Purpose: Use a SQL Query in MS Access to locate all records matching specific keywords in a long text field
I am attempting to query for all records in a MS Access DB that have a match on a list of specific keywords within a field. The keywords are as follows:
AIN, ATIN, CKD, AKI, ARF
Issue I'm running into is that the field is a free text entry field, so the formatting of the data is all over the place, and the keywords I'm searching on will often appear in the middle of other full length words (i.e. AIN matches on "pAIN","agAIN", etc), while I only want to include matches on words that are strictly the keywords (i.e. " AIN ", " AKI ").
The idea I'm working with is to simply include matches that will hit on the following format: field_name like '* AIN *'.So basically only include matches that have a space before and after the keyword to limit the number of false positives appearing in the result set.
I have tried writing a SQL query that will normalize the data so that all other characters that appear (".","!","?","#", etc...) will be replaced with a space character (i.e. " AIN!" would be replace(field_name,"!"," ") = " AIN ") with the idea that this should only include words containing only the keyword. In attempting to run my very long nested replace statement in the query, I am receiving the "Query Too Complex" message. Nested replace is as follows:
UCASE(REPLACE(REPLACE(REPLACE(REPLACE(REPLACE(REPLACE(REPLACE(REPLACE(REPLACE(REPLACE(REPLACE(REPLACE(REPLACE(REPLACE(REPLACE(REPLACE(REPLACE(REPLACE(REPLACE(REPLACE(REPLACE(REPLACE(REPLACE(REPLACE(REPLACE(REPLACE(REPLACE(REPLACE(REPLACE(REPLACE(REPLACE(REPLACE(REPLACE(a.REF_CONTENT_NM,chr(13)," "),chr(10)," "),"`"," "),"~"," "),"!"," "),"@"," "),"#"," "),"$"," "),"%"," "),"^"," "),"&"," "),"*"," "),"("," "),")"," "),"-"," "),"_"," "),"="," "),"+"," "),"["," "),"{"," "),"]"," "),"}"," "),";"," "),":"," "),","," "),"<"," "),"."," "),">"," "),"/"," "),"?"," "),"\"," "),"|"," "),""""," ")) like "* AIN *"
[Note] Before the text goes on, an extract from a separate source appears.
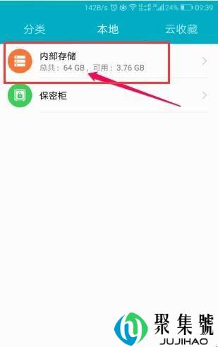 3、在当地”存储界面里面,部门手时机有两个选项,有的手机就只要内部存储”,我们点击内部存储”进入内部存储界面,如下图。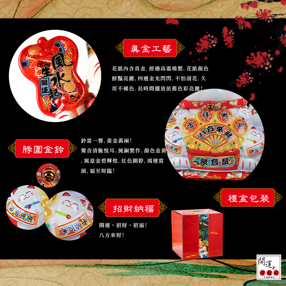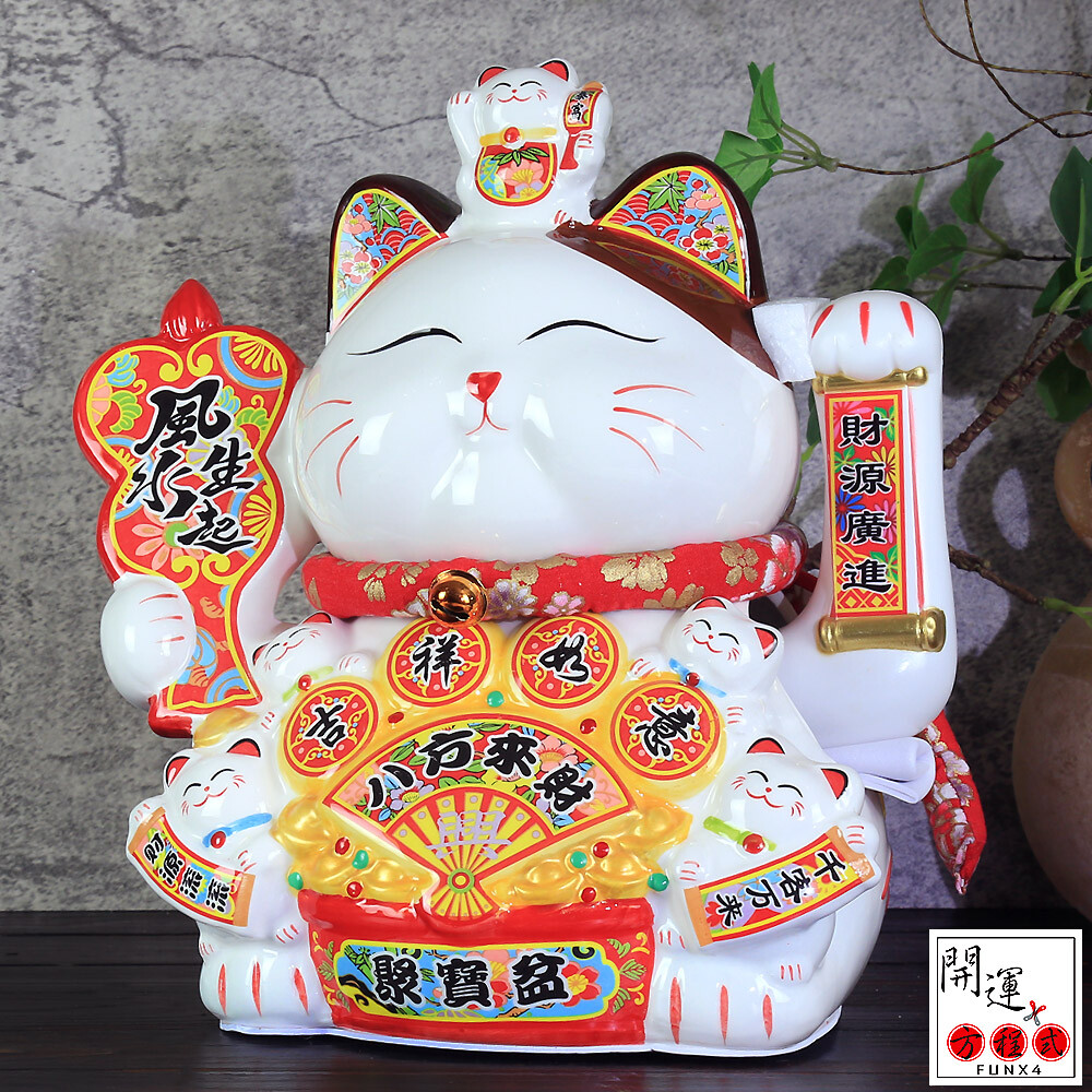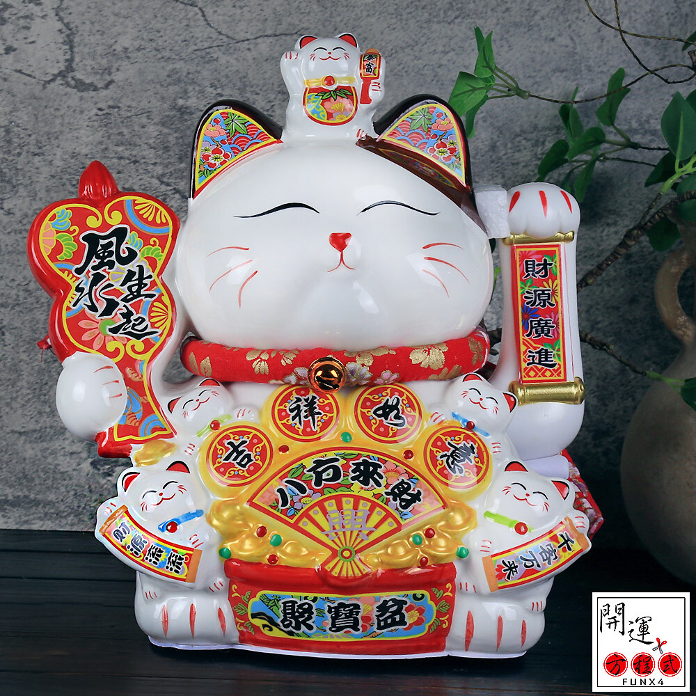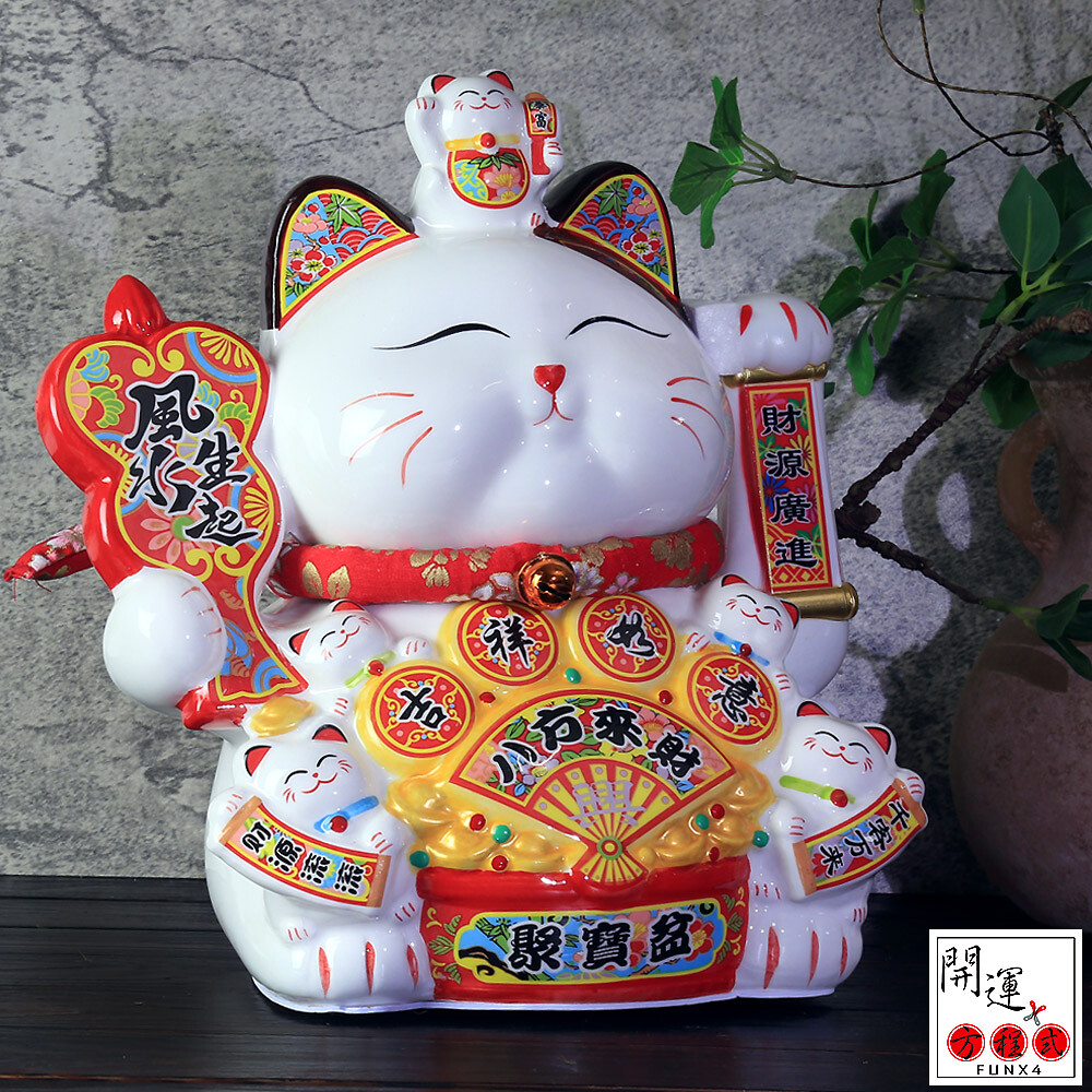 說中,商家的招財貓舉右手可以招白天的來客,舉左手則是招來作夜間生意或特種行業的客人;另外舉右手象徵招財、錢財幸福到來;左手則是象徵招人、客人絡繹不絕、買氣旺。台灣商家既愛招財、又愛人潮的經營模式,台灣業者興起台式招財貓,又招財又招客的舉起雙手好像在喊萬歲,外加肚子上再掛個金元寶的

I believe that a workaround would be to create a custom function that could be referenced in the SQL statement, but I am not entirely sure of how to accomplish this. So essentially, I am looking for guidance on how to evaluate a solution of how to normalize the text like the above nested replace statement in Access without running into the "Query Too Complex message". I feel like there is a simple solution that I am just not seeing here, so guidance would be tremendously appreciated!